Unicode char range folds this bunch of languages https://en.wikipedia.org/wiki/Arabic_script#Languages_currently_written_with_the_Arabic_alphabet to Arabic, while Hebrew script munges Yiddish and Hebrew together, which is maybe acceptable loss and probably happens on Windows already.
There are some hints in bug 108151 about some available fields in the gtk integration with the IBUS IM that might be of some use to pick an acceptable value to set for the language.
(In reply to Caolán McNamara from comment #3)
> I imagine using libexttextcat would just introduce a pile of "my language
> was guessed wrong" bugs. Especially for short sequences of text which won't
> be long enough for the statistical efforts of libexttextcat to guess it
Have you seen this library - https://github.com/CLD2Owners/cld2
> Unicode char range folds this bunch of languages
> Arabic_script#Languages_currently_written_with_the_Arabic_alphabet to
> Arabic, while Hebrew script munges Yiddish and Hebrew together, which is
> maybe acceptable loss and probably happens on Windows already.
For arabic alphabet languages, LO only lists persian, uyghur, punjabi and urdu under CTL and there are unicode characters that are unique to most of these languages.
@Lior: what is your take on Hebrew detection?
> There are some hints in bug 108151 about some available fields in the gtk
> integration with the IBUS IM that might be of some use to pick an acceptable
> value to set for the language.
Guessing based on locale is definitely helpful to some degree if a user lives in a country that a particular language is highly used in.
Created attachment 145279 [details]
Document with text in English, Hebre and Arabic for reproducing this issue
Reproduction instructions for this issue using the attached document:
1. Set your LO CTL language to Hebrew
1. Open the document (tri-lingual.odt)
2. Walk the cursor along the single line of text. You should see the status bar indicate the language as English (or "(en)"), then Hebrew, then Arabic (or "Arabic (Saudi Arabia)".
3. Copy the full line of text
4. Close the document
5. Open a new Writer document
6. Paste-Special the text you've copied, as unformatted text
7. Walk the cursor through the line again
Expected result: Language will again change from English, to Hebrew, to Arabic.

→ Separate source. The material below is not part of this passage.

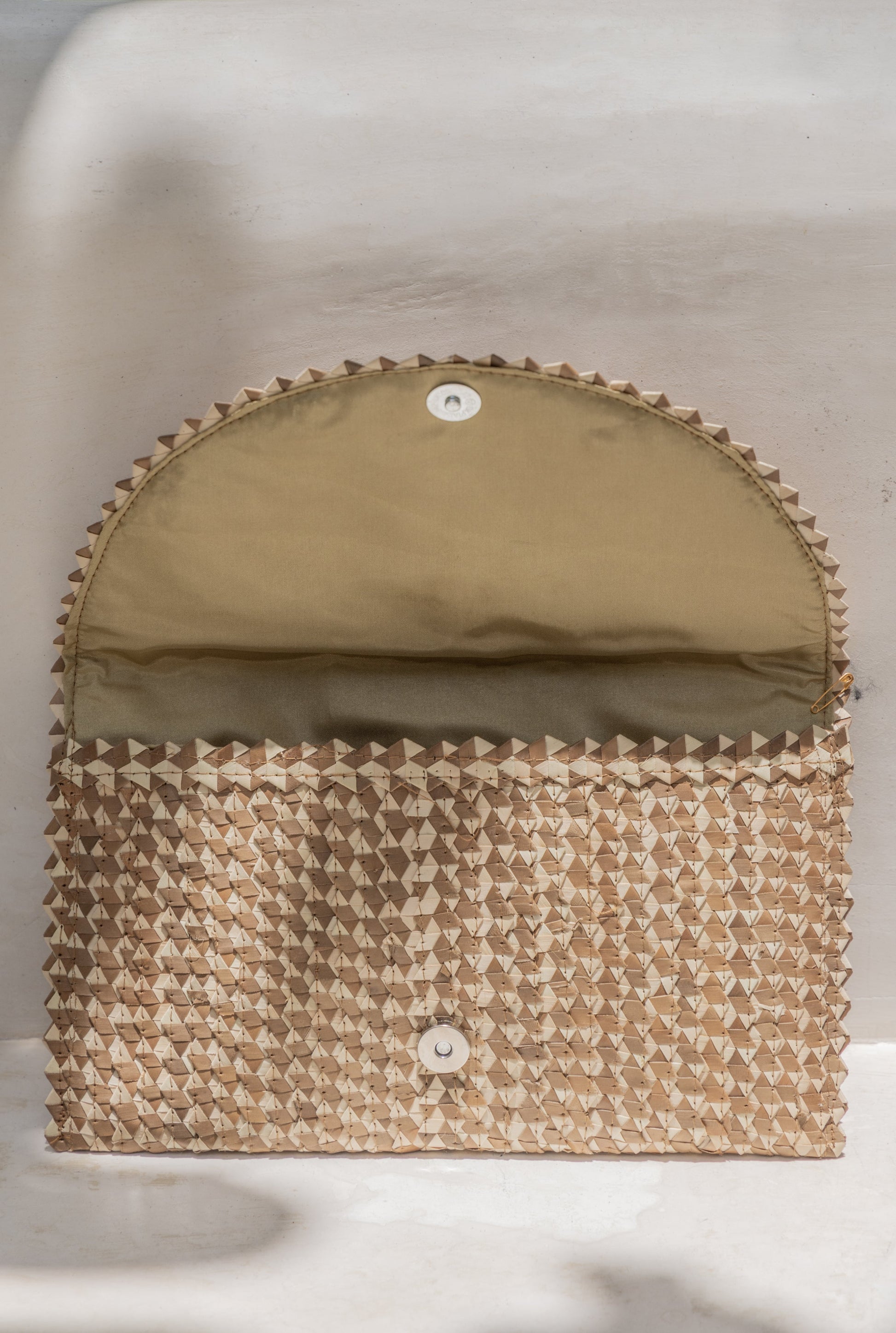 Stylish, sophisticated, and fun, this ombre rattan clutch is the perfect carrier for your daily necessities. The Interior features a soft fabric lining as well as a change pocket. A vintage inspired piece with a modern and playful twist.

Actual result: Language will change from English to Hebrew, and be reported as Hebrew for the Arabic text as well.
Oh, I should mention I tested with:
Build ID: ad6adb1bfadf49af3187a0bb3ceffbf355e9eed1
CPU threads: 4; OS: Linux 4.9; UI render: default; VCL: gtk2;
TinderBox: Linux-rpm_deb-x86_64@70-TDF, Branch:master, Time: 2018-09-29_02:45:20
Locale: en-US (en_IL); Calc: threaded
Still the same behavior with:
Version: 22.214.171.124.alpha0+ / LibreOffice Community
Build ID: 5c68399e6bea3aa18477487400f8bb143d6ed84e
CPU threads: 4; OS: Linux 5.18; UI render: default; VCL: gtk3
Locale: en-IL (en_IL); UI: en-US
See also: bug 139185 (and its See Also list) about language guessing problems of libexttextcat; see bug 139185 comment 4.
*** Bug 154495 has been marked as a duplicate of this bug. ***
Accessing the current keyboard layout appears to be distro-specific, so we'd need to (a) get the current distro and then (b) implement a bunch of hacks to get the current keyboard
FWIW localectl seems to be the most widely available command to extract this info.
Basically, this is a dupe of bug 108151, which also has some discussion about API availability, and an implementation of this for Qt5 from Jan-Marek.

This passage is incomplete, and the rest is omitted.